Maka mulailah saya dan teman-teman mengarungi tahun klinis. Awalnya terasa indah, pakai jas putih, stetoskop menggelayut dengan manis di atas jas dokter. Hari-hari pertama masih begitu semangat. Bertemu pasien di lift juga tanpa segan, obral senyum. Untuk yang satu ini, saya masih pertahankan sampai detik ini. Jadi kalau nanti sakit, berobat ke dokter Helena saja ya, hehe..

Sampai tibalah saya ke masa-masa jenuh dimana hampir tiap hari dalam seminggu dipenuhi dengan jadwal jaga. Kalau hari ini jaga siang, besok jaga malam, lusa wajib hadir dan dua hari berikutnya kembali jaga malam. Tubuh saya mulai menunjukkan tanda-tanda kelelahan. Yang membuat saya merasa sangat lelah, sebenarnya bukan beban fisik seperti tidur tidak lebih dari tiga jam (yang kalau lagi apes, bisa tidak diberi ijin untuk tidur atau mengaso ke kamar koas sama sekali), atau mesti mondar-mandir dari IGD ke bangsal mengekor residen, tapi lebih kepada beban mental.

Satu pagi sehabis jaga malam, sebelum jam wajib hadir salah satu pasien seolah memberikan wake up call untuk saya.

“Dik, kencing yang dari semalam ditampung mana? Kak dokter boleh minta, nggak?”

Dengan manja dia menggeleng. Anak yang satu ini memang terkenal tidak kooperatif. Sudah beberapa hari dirawat dan diedukasi untuk menampung urinenya beberapa jam sekali tapi tidak pernah dilakukan.
Lantas saya kembali ke station bangsal dan diam. Salah seorang teman bertanya kenapa muka saya terlihat suntuk. Bukannya apa-apa, tugas saya pagi itu adalah memeriksa urinenya dan kalau tidak ada hasil yang didapat pagi itu, saya bisa kena. Kena semprot, maksudnya. Maka berbagai cara saya lakukan untuk membujuknya. Setelah lebih dari satu jam bolak-balik kamarnya, akhirnya dia menunjuk botol air mineral yang ternyata ada di kolong tempat tidurnya. Botol itu berisi urine yang menurut pengakuannya adalah hasil kencing tadi pagi-pagi subuh. Tidak lebih dari 10 cc.

Bukan main senangnya saya. Setelah menyelesaikan tugas dan mencuci tangan, saya senyum-senyum sendiri. Beres. Seperti ada kepuasan sendiri akhirnya selesai juga amprahan yang diberikan pada saya. Sampai akhirnya…

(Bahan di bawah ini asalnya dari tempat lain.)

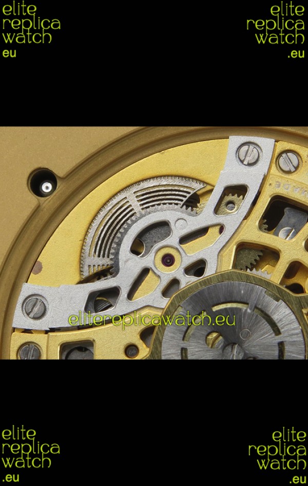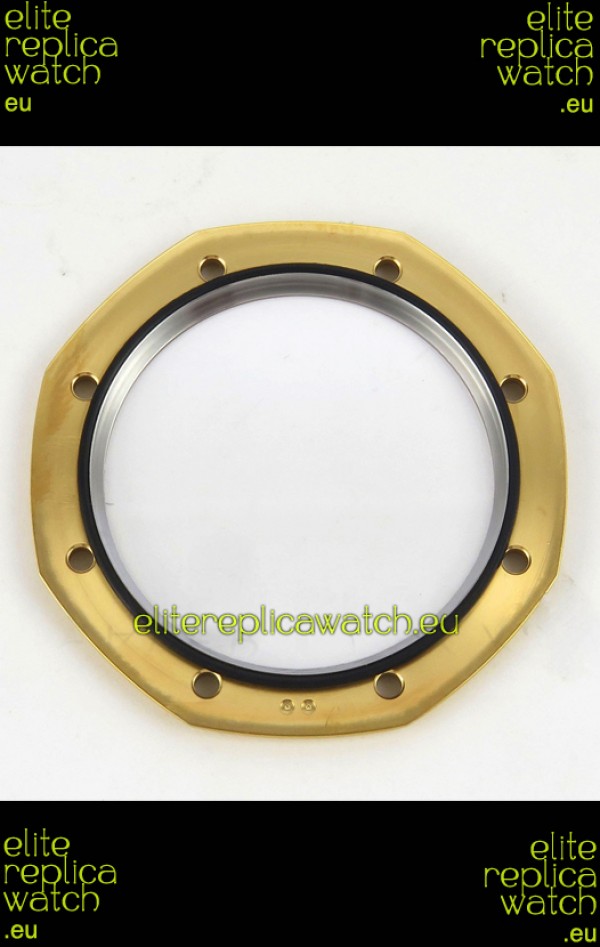 18K Yellow Gold Plating on 904L Stainless Steel Case with complete markings/engravings as per the originals.

Saya mengecek smartphone memastikan tidak ada panggilan dari teman yang sedang beli sarapan. Iseng-iseng saya buka instagram. Biasa saja sih sebenarnya. Foto panorama yang diambil dengan menggunakan fish eye, foto peralatan dandan yang ditata sedemikian apik, foto baju yang dijual online shop, kutipan kata-kata bijak, dan.. foto teman yang sudah bekerja di kantor. Tiba-tiba muncul perasaan kecil hati.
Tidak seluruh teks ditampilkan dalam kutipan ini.